June 19, 2014 — Like a few types of seafood, America’s East Coast watermen are an endangered species. As environmental factors and overfishing continue to challenge their source of income, some watermen are turning to tourism and other careers. Fortunately, in North Carolina’s Outer Banks, people who earn a living from the sea are still blessed with access to the wide-open Atlantic. And they’ve become the chief suppliers of seafood for people living north of the Mason-Dixon Line.
Like so many watermen, Ashley O’Neal’s grandfather fished these waters, as did his father before him. O’Neal’s Sea Harvest is a commercial fishing operation in Wanchese, a tiny village on Roanoke Island in the Outer Banks. Mr. O’Neal operates a fleet of boats that harvests seafood from the Atlantic Ocean, as well as the Albemarle and Pamlico Sounds.
The 36-year-old oversees his family’s operation consisting of 30 watermen — that includes fisherman, crabbers and shrimpers — and up to 14 packers depending on the season. In May, their busiest month, the company shipped nearly 18,000 dozen softshell crabs to Northern cities from Washington, D.C., to Boston. The bulk of the crabs supply restaurants and markets in Baltimore, New York and Philadelphia, but restaurants in Pittsburgh are creating interesting dishes with soft-shell crabs — such as the soft-shell crab tostadas served earlier this season at Tamari.

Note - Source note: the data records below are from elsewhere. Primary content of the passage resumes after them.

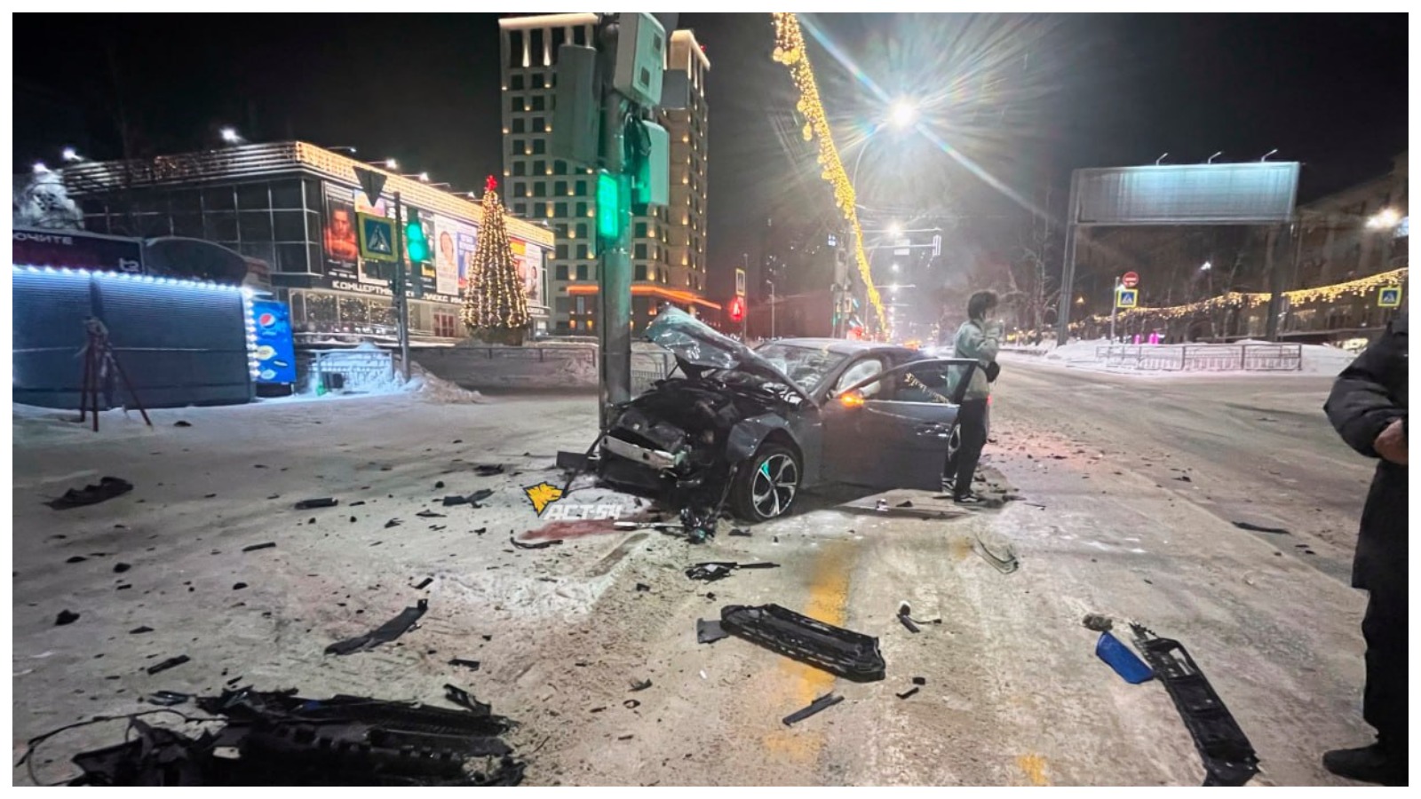 Телеграм-канал «АСТ-54 Black» поделился фотографиями с места аварии на ночной улице Новосибирска.
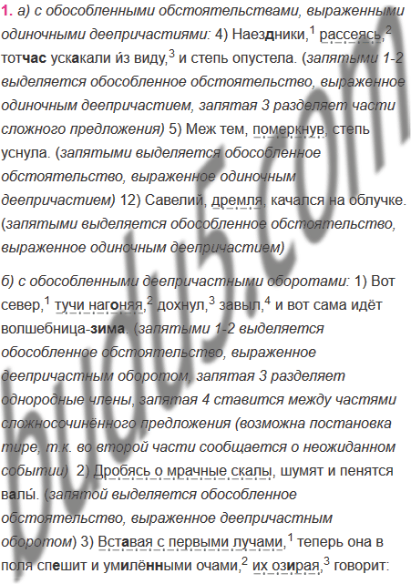 1. Соблюдая правила орфографии и пунктуации, выпишите предложения в таком порядке: а) с обособленными обстоятельствами, выраженными одиночными деепричастиями; б) с обособленными деепричастными оборотами; в) с обособленными обстоятельствами, выраженными существительными с предлогами. Объясните постановку знаков препинания.
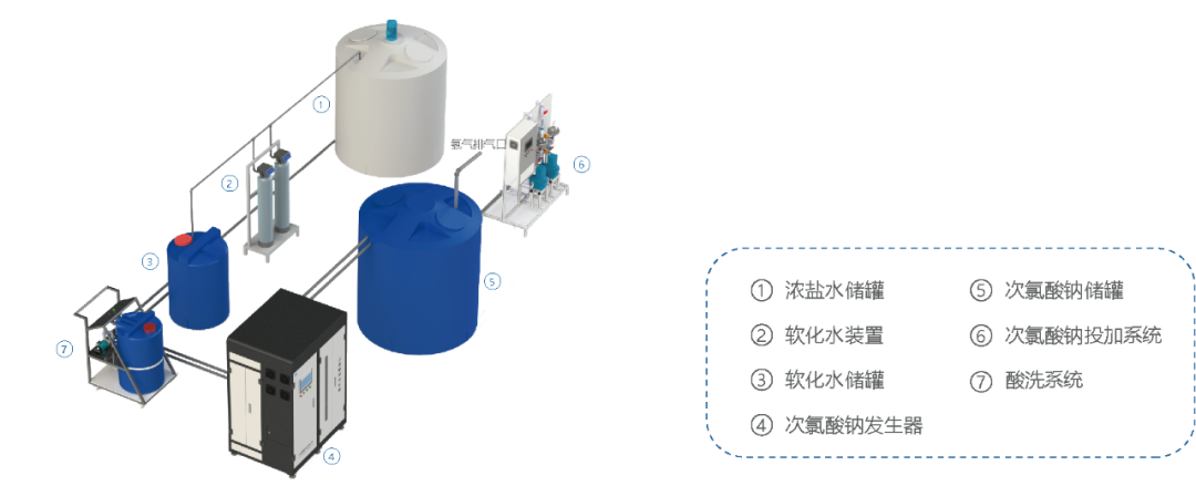 電解次氯酸鈉發(fā)生器由次氯酸鈉發(fā)生器本體、軟化水系統(tǒng)(含再生裝置)、溶鹽系統(tǒng)、稀鹽水配制系統(tǒng)、次氯酸鈉電解發(fā)生系統(tǒng)、冷卻系統(tǒng)、次氯酸鈉儲(chǔ)存及投加系統(tǒng)、即時(shí)排氫系統(tǒng)、自動(dòng)控制系統(tǒng)九部分組成,可根據(jù)用戶要求適當(dāng)增減設(shè)備配置。
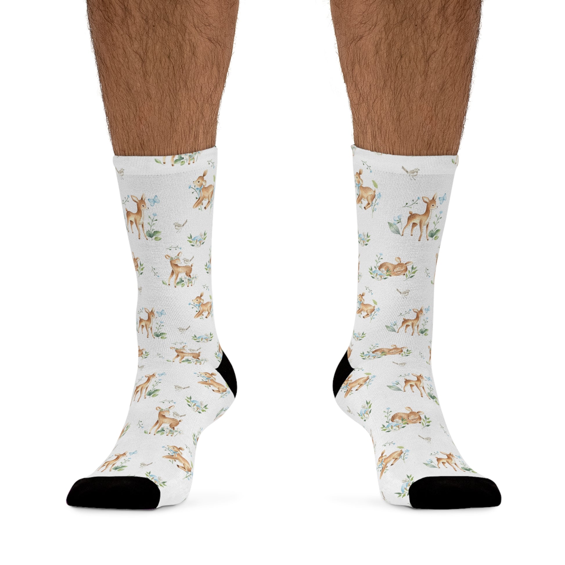 One size fits all, from Women’s size 5 to Men’s size 12, so everyone can enjoy a bit of forest charm. Whether you’re relaxing at home or exploring the great outdoors, these socks are the perfect companion. Embrace your wild side with Bambi Crew Socks! 🌳🦋
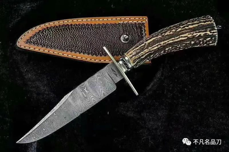 全长:278mm 刃长:143mm 刃宽:29mm 刃厚:5.2mm 刃材:大马士革 硬度:58-60 表面处理:酸洗刃面 龙骨:直杆 柄材:鹿角 皮鞘 产地:美国
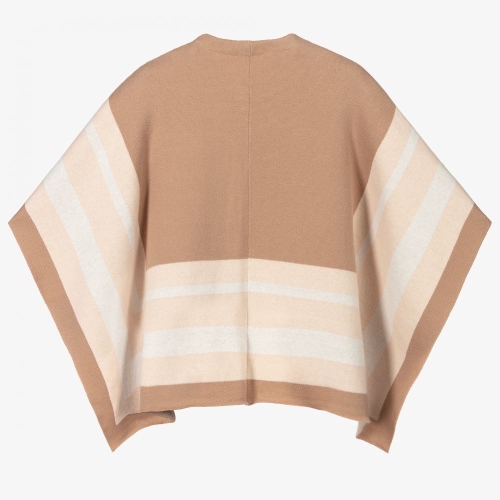 女童米色&粉色针织斗篷
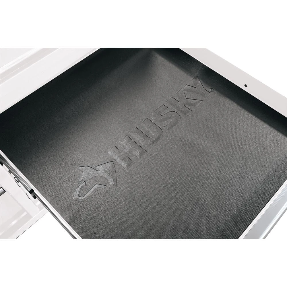 The Husky 46 in. 9-Drawer Mobile Workbench provides a variety of options for your tool storage needs and supports up to 1500 lbs. Measuring 24.5 in. D and offering 19,724 cu. in. of storage capacity, this unit boasts a solid wood top for a stylish yet durable work surface. The full-width drawer easily accommodates longer items while 2, extra-deep bottom drawers are ideal for storing heavy, bulky items and are supported by 100 lbs. rated ball bearing slides. The large, aluminum drawer pulls are protected by end caps for safety and recess flush into the cabinet for a sleek look. For increased mobility, this workbench features a built-in power center with 6 outlets and 2 USB ports to charge power tools and devices. The large, 5 in. x 2 in. casters and steel tubular side handle allow for easy movement to different areas. Drawer liners included to secure items in place.
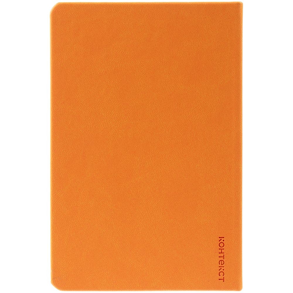 Ежедневник с твердой обложкой, выполнен из материала Latte, оранжевый ОО, дополнен ляссе в цвет обложки.
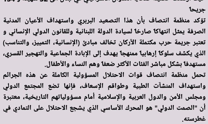 تؤكد منظمة انتصاف بأن هذا التصعيد البربري واستهداف الأعيان المدنية الصرفة يمثل انتهاكاً صارخاً لسيادة الدولة اللبنانية وللقانون الدولي الإنساني و تعتبر جريمة حرب مكتملة الأركان تخالف مبادئ (الإنسانية، التمييز، والتناسب) الذي يكشف سلوكاً إرهابياً ممنهجاً يهدف إلى الإبادة الجماعية والتهجير القسري، مستهدفاً بشكل مباشر الفئات الأكثر ضعفاً وهم النساء والأطفال.
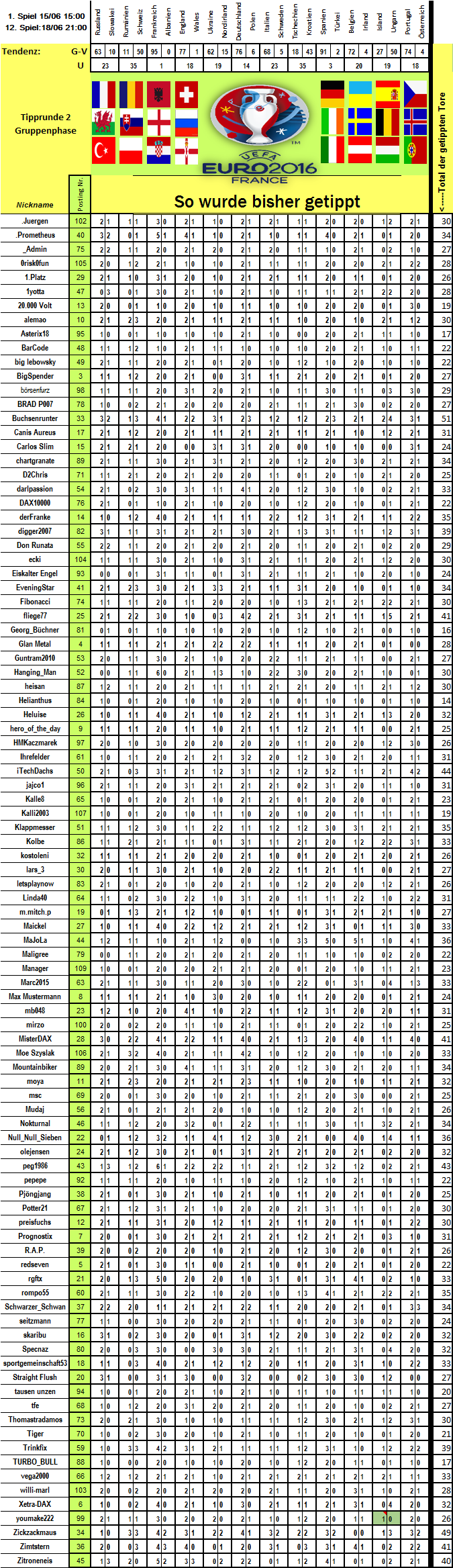 Tipprunde 2 (1. Spiel 15.06. 15:00 Uhr - letztes Spiel 18.06 21:00 Uhr)
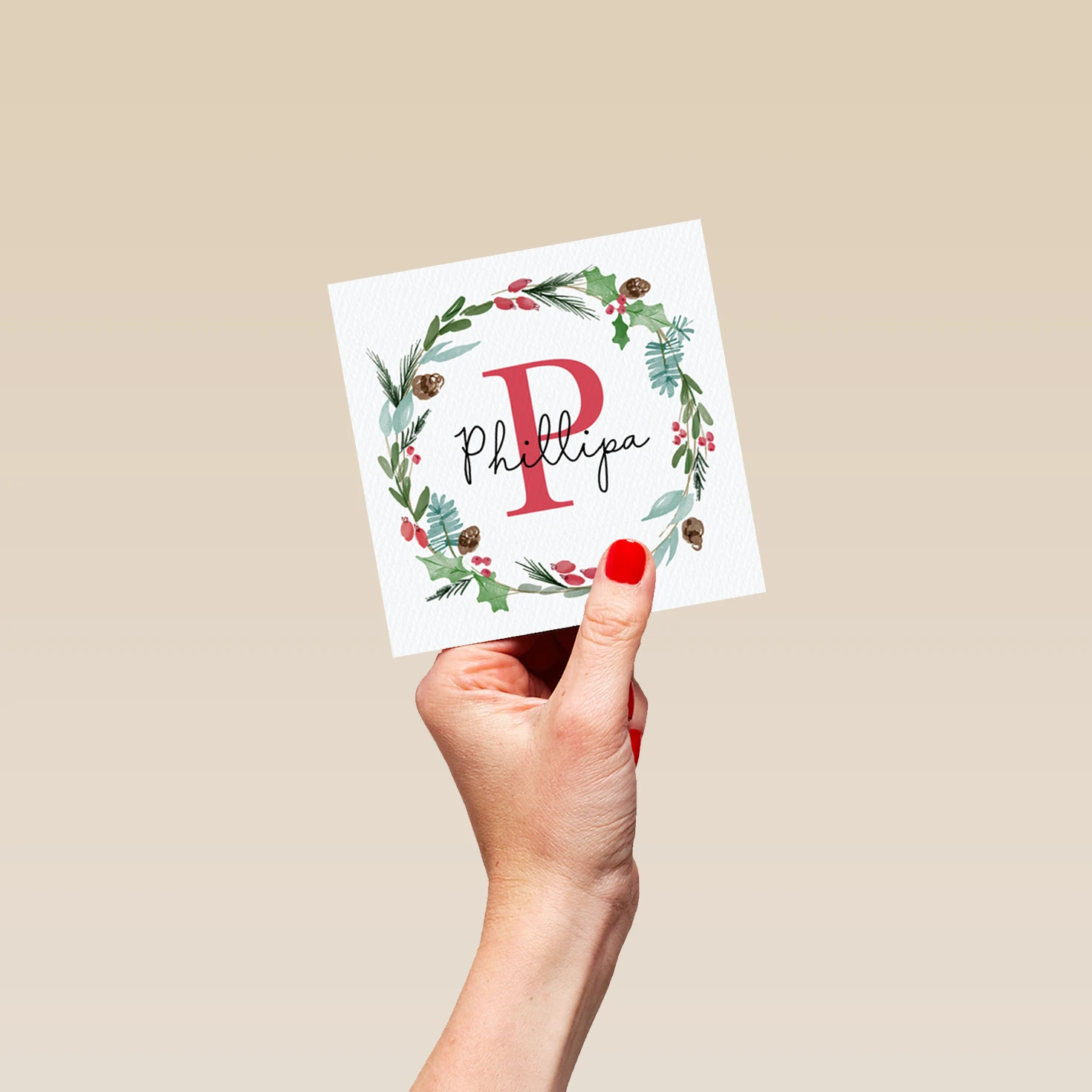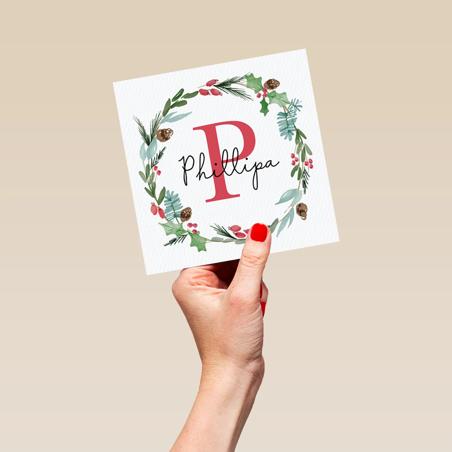 Pod Personalised Wreath Monogram Letter P Christmas Card
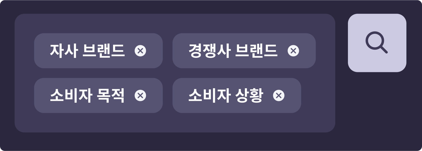인텐트파인더는 입력한 질의어가 포함된 모든 연관 검색어를 수집하므로, 브랜드명·카테고리·목적 등 여러 키워드를 함께 입력할수록 분석 범위가 넓어집니다. 이러한 통합 검색을 통해 특정 시장을 아우르는 키워드를 확인해 보세요.
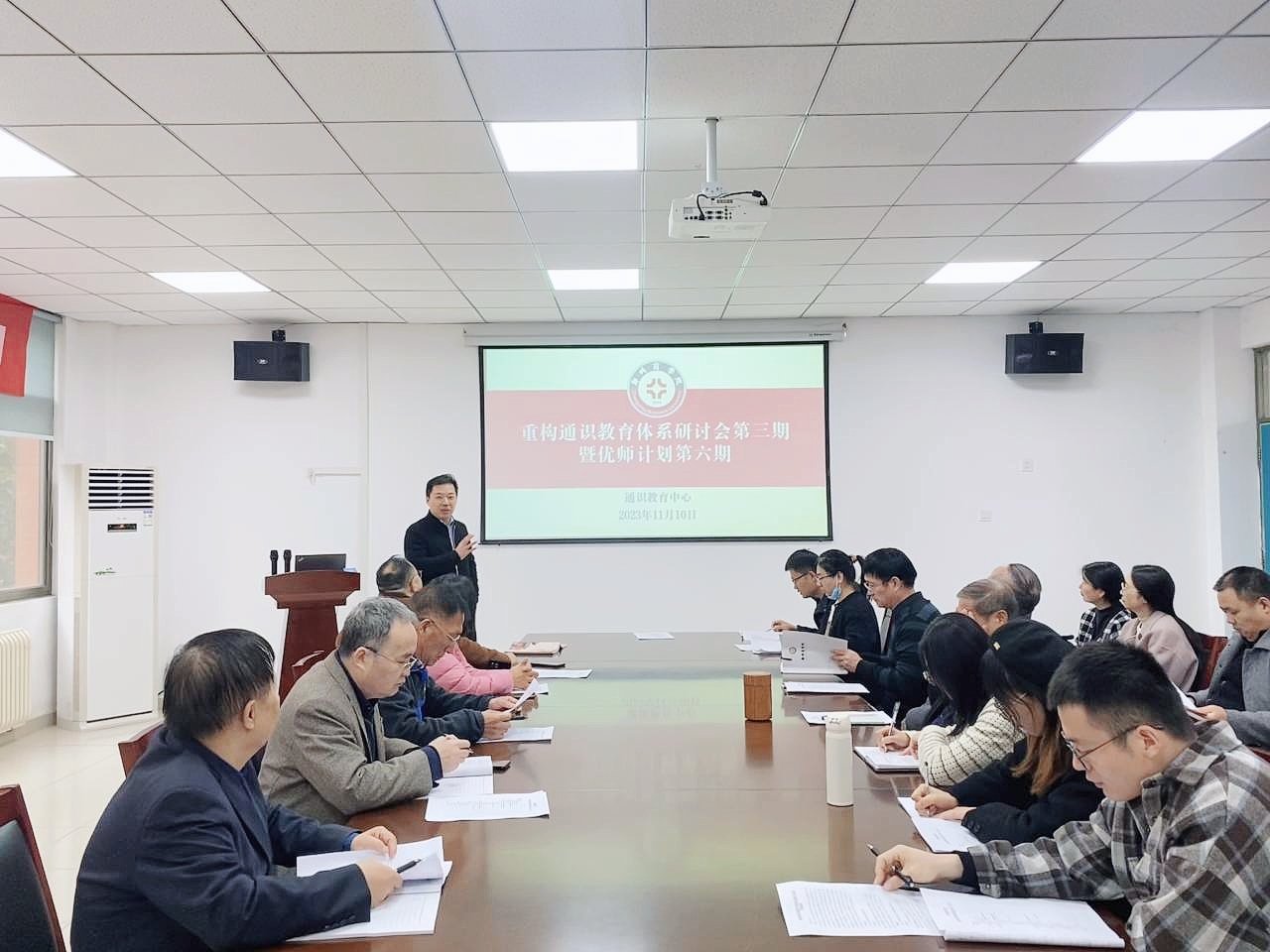 为进一步落实期初校领导报告关于重构beat365通识教育体系的要求,不断提升通识课程建设质量,筑实全过程通识教育教师的信念养成,为教师的成长搭建交流和学习的平台,11月10日下午,通识教育中心组织召开重构通识教育体系研讨会第三期暨优师计划第六期,通识中心主任王花磊及全体通识课程任课教师参加了此次会议。
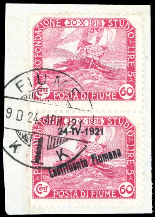 FIUME 1921 - 60 cent. soprastampato "Costituente Fiumana", coppia verticale, il primo esemplare senza soprastampa (169b), perfetta, usata su frammento. Rara. Ferrario.

There are eight commercial seafood operations in the Outer Banks. In addition to supplying wholesalers, they sell their fish and shellfish at small markets adjacent to where their boats unload the fresh catch of the day. You can’t get seafood any fresher than what you’ll see in these markets. It’s one of the best reasons to vacation in the Outer Banks.
“May and June are the key months for soft crabs,” explains Mr. O’Neal. “The blue hardshell crabs become plentiful in June, July and August. We’re bringing in shrimp in August, September and October. Beginning in September and through November, the flounder start running.”